I’ve been wrestling with a subpar write performance using ZFS on some fresh-out-the-oven NVMe disks, trying to get them to play nice with blockchain workloads. Given ZFS’s reputation for being pretty tweakable, I thought I could dial it in—mess with the recordsize, tune a few parameters, and boom, we would be golden.
But, oh boy, was I wrong. It’s been more of a headache than expected. And trying to find any sort of guidance or benchmarks online? Forget about it. It’s like looking for that proverbial needle in the haystack, if the needle was possibly never there to begin with.
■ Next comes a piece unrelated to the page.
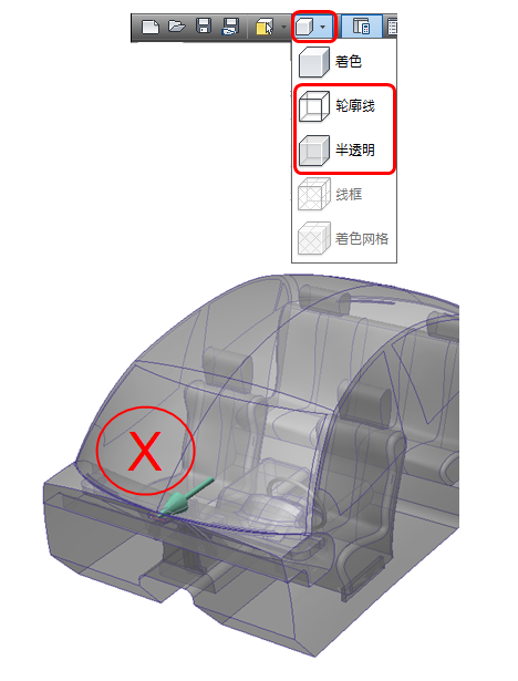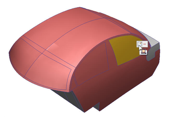 11. 将模型外观恢复为“着色”,并旋转模型。选择座舱后部的两个弧形面。单击上下文工具栏中的“编辑”按钮。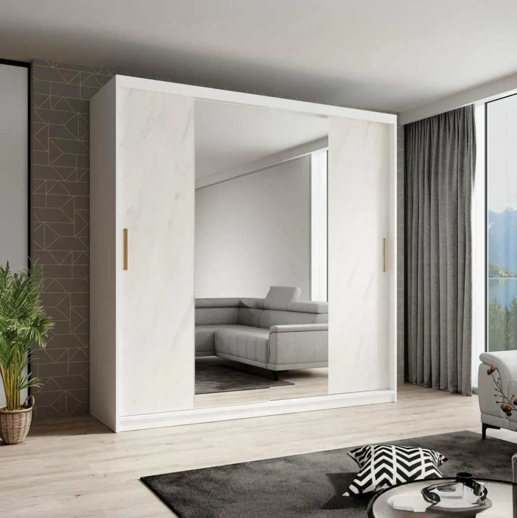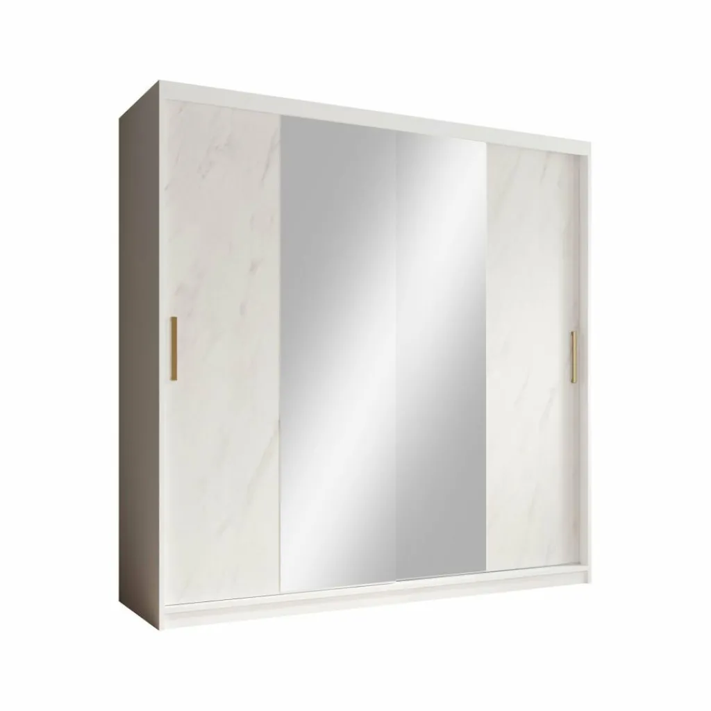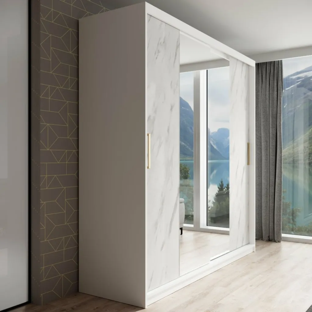 Kledingkast Marmer is een moderne garderobekast uitgevoerd in witte marmerlook kleur. De kledingkast heeft twee schuifdeuren met daarachter veel opbergruimte. De deuren zijn te openen middels goudkleurige handgrepen. Op beide deuren zitten grote spiegels. In de binnenkant van de kast vind je 10 opbergvakken. Daarnaast beschikt de kast over twee stangen om kleding op te hangen.

So, with the internet giving me the cold shoulder, I decided it was time to roll up my sleeves and get my hands dirty. For the benchmarking setup, I used polkadot client benchmark for write operations and fio for read operations:
curl -s https://api.github.com/gists/868fac581cf66af7780a1ccfd02c7b1b | jq -r '.files | first(.).content' > chainbench.sh && chmod +x chainbench.sh && ./chainbench.sh
And let me lay out the hardware carpet for ya:
- CPU: AMD Ryzen 9 7950X3D
- Motherboard: ASRock Rack B650D4U-2L2T/BCM
- RAM: 4x MICRON DDR5 UDIMM/ECC 4800MT/s, dialed down to 3600MT/s (CPU limitation afaik)
- Storage: Samsung SSD 990 PRO 4TB on a PCIE 4.0 interface.
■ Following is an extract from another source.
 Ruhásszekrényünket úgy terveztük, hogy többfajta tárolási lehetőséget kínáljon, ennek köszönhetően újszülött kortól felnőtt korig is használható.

The gauntlet was thrown, and after the dust settled, it turns out ext4 and xfs are the champs for Polkadot’s storage needs. They hit that sweet spot of efficiency. Meanwhile, filesystems like ZFS and NILFS2? Not so much. They kinda dropped the ball, especially with random writes, which, let’s be honest, is a big deal for blockchain operations.
So I highly recommend the tradeoff off giving up feature rich filesystems for the simplicity and performance of ext4. You can pretty much skip the snapshots/backups for validators since good blockchain you can always re-sync from the network if there ever is an issue(warp sync doable in minutes).
For some archive nodes it might make sense to use copy on write filesystems(btrfs/bcachefs) to enable snapshots and backups. Though the way ParityDB keeps editing same huge files over and over is quite terrible for incremental snapshotting/backuping. I always run 2 instances of archive nodes per network so I end up to use lvmthin/ext4 with occasional backup using rsync to hard drive just in case.
Looking ahead, keep your eyes peeled for BCacheFS(CoW) and SSDFS(Pure-LFS with CoW policy). BCacheFS just made its grand entrance into the mainline kernel, and SSDFS is waiting in the wings. My setup couldn’t give them a whirl this time around (limited by pve-kernel), but they’re definitely ones to watch out for once supported by Linux LTS kernels. SSDFS in particular looks promising because it significantly reduces write amplification and improves SSD lifespan through its innovative use of logical extents, a log-structured design, and efficient data migration and garbage collection schemes, enhancing both storage efficiency and performance.
So, there you have it. My little adventure into look for an optimal filesystem.
This hopefully sheds some light on when selecting filesystem for your nodes and help you to avoid making the mistake of using of ZFS.